More adventure activities can be found at Grizedale Forest, near Hawkshead. Take an 18-minute ride in a beautiful old steam train that runs between Windemere’s Lakeside Pier, Newby Bridge and Haverthwaite Village. Hire a rowing boat, book a ride on a pleasure steamer, or take a picnic to Fell Foot Park. If it happens to be raining, Wray Castle is a great attraction that offers cover from the elements.
3. Beatrix Potter’s Hill Top home
The Lake District has proved a haven for writers, poets, painters, and other creatives for hundreds of years (Tucci players an acclaimed writer in Supernova). One of the most famous Lake District residents is Beatrix Potter (1866-1943).
Potter used to visit the region as a child on holiday and fell in love with it. She bought a home there, Hill Top, in 1905, following the success of her first children’s books. She went on to buy the neighboring Castle Farm and several other properties in nearby Sawrey, including her later home, Castle Cottage.
Hill Top has been preserved exactly as it was when Potter died in 1943 and is one of the region’s most popular tourist sites. If visiting, perhaps stop off for lunch or dinner at the neighboring Tower Bank Arms. You’ll also find a Beatrix Potter Gallery in Hawkshead, and a family-friendly World of Beatrix Potter Attraction in Bowness on Windermere.

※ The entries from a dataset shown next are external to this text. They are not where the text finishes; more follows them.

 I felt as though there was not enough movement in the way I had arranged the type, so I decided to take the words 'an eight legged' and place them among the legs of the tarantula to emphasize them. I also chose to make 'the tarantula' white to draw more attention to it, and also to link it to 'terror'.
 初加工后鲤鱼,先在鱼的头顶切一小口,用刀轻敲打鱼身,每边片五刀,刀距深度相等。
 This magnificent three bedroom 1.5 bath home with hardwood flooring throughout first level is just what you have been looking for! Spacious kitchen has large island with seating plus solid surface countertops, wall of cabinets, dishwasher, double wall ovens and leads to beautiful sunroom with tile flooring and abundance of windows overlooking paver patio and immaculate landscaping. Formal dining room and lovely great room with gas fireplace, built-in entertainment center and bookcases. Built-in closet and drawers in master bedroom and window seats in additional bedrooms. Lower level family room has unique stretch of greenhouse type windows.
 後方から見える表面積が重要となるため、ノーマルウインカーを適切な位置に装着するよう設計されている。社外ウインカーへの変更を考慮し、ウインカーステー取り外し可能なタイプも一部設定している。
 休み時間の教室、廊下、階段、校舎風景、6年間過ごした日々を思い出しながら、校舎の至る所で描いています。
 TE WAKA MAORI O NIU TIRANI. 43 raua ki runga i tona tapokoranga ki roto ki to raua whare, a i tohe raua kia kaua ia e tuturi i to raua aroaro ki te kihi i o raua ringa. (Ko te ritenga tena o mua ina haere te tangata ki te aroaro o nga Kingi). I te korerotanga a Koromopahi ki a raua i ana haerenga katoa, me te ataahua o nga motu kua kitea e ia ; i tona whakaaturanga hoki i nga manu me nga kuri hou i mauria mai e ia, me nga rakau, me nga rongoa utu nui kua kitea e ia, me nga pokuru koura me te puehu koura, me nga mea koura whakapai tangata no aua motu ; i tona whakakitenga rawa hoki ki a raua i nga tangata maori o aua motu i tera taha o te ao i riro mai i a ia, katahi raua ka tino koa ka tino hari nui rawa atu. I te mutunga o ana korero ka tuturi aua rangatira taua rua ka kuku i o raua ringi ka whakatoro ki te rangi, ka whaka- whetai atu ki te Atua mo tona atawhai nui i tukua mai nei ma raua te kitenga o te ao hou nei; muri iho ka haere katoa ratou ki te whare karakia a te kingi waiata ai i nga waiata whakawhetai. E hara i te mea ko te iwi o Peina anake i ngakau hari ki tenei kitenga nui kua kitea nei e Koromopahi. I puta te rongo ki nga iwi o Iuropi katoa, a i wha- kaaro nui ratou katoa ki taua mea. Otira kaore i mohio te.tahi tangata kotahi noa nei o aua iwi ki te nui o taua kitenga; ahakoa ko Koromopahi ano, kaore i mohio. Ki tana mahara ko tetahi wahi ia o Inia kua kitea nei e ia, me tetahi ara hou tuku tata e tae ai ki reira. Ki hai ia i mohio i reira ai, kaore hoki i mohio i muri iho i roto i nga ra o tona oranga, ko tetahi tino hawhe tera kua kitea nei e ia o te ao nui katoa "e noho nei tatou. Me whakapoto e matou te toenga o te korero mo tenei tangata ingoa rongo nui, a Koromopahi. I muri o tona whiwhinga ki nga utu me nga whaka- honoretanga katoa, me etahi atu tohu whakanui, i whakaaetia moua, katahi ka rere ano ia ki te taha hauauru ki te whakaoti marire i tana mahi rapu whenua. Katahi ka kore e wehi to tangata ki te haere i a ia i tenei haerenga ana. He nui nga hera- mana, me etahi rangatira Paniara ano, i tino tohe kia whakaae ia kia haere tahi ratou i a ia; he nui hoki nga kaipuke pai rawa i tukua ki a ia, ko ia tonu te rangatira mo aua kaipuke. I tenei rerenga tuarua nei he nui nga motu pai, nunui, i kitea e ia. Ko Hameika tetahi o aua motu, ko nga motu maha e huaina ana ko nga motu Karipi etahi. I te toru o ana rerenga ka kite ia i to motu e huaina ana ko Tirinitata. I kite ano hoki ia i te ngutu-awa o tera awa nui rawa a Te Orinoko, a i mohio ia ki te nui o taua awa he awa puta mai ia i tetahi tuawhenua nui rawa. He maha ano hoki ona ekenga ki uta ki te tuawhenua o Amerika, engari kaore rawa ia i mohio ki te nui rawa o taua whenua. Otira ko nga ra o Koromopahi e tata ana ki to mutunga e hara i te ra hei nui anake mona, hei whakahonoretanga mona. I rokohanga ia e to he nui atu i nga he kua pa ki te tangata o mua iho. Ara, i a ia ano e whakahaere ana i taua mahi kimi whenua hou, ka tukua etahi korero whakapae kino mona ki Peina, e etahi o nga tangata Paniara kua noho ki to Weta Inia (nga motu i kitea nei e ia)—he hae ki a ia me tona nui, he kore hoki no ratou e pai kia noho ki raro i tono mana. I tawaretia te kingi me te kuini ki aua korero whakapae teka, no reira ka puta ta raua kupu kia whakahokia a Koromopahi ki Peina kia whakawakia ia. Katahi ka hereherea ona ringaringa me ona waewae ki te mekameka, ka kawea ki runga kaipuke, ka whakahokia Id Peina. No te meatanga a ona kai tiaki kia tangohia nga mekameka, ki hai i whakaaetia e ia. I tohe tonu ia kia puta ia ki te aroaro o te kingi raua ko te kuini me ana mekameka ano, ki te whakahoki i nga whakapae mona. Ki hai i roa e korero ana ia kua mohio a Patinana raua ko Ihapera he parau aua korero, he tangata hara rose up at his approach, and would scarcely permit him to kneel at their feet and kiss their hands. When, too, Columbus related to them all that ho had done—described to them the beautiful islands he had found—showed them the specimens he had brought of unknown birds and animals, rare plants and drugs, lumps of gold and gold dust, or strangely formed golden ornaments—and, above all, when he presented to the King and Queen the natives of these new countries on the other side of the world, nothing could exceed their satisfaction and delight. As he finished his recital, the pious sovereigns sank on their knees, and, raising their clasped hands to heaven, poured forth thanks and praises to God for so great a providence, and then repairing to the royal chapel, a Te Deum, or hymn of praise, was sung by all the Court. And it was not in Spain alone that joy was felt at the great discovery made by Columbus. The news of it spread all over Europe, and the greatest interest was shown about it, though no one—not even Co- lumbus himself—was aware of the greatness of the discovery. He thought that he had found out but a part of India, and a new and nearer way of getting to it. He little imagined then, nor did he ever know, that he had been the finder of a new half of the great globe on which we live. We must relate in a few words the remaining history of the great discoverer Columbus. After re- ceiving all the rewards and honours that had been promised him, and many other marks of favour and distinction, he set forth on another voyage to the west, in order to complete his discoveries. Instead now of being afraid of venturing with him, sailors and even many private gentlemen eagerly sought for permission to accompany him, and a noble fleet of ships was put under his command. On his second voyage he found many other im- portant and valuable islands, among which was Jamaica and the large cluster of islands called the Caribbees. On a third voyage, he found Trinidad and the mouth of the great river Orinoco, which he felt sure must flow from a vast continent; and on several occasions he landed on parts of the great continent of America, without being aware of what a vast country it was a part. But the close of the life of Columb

Fans of the romantic poets can also visit a former home of William Wordsworth, Dove Cottage, in Grasmere.
Like Keswick, Ambleside is another Lake District town that is hugely popular with tourists. Many choose to use it as their base to explore the wider area. It offers a distinctive, Cumbrian sense of time and place, with many of its older buildings built from limestone, granite, and red sandstone. From Ambleside, you can catch a ferry across Lake Windermere to Bowness and Newby Bridge. You can even, during the summer months, take a horsedrawn cart from Ambleside to Waterhead Pier.
A short walk from Ambleside is Stock Ghyll Force, a stunning, 70-foot waterfall, and the eight acres of Stagshaw Gardens. Again, the town offers plenty of opportunities to join outdoor activities, such as abseiling and climbing or to hire hiking equipment.
5. Immerse yourself in a historic home
The Lake District offers numerous stately homes, manor houses and castles. Parts of Dalemain House and Gardens, in Penrith, date back to the 12th century. Holker Hall is an Elizabethan-style manor house in Cartmel, with stunning landscaped gardens full of rare conifers and rhododendrons.
Hutton-In-The-Forest, in Penrith, is another stately home with parts dating back to medieval times, and an interior designed by the hugely influential Victorian designer William Morris. Other awe-inspiring buildings to visit include Levens Hall in Levens, Muncaster Castle in Ravenglass and Sizergh Castle near Kendal.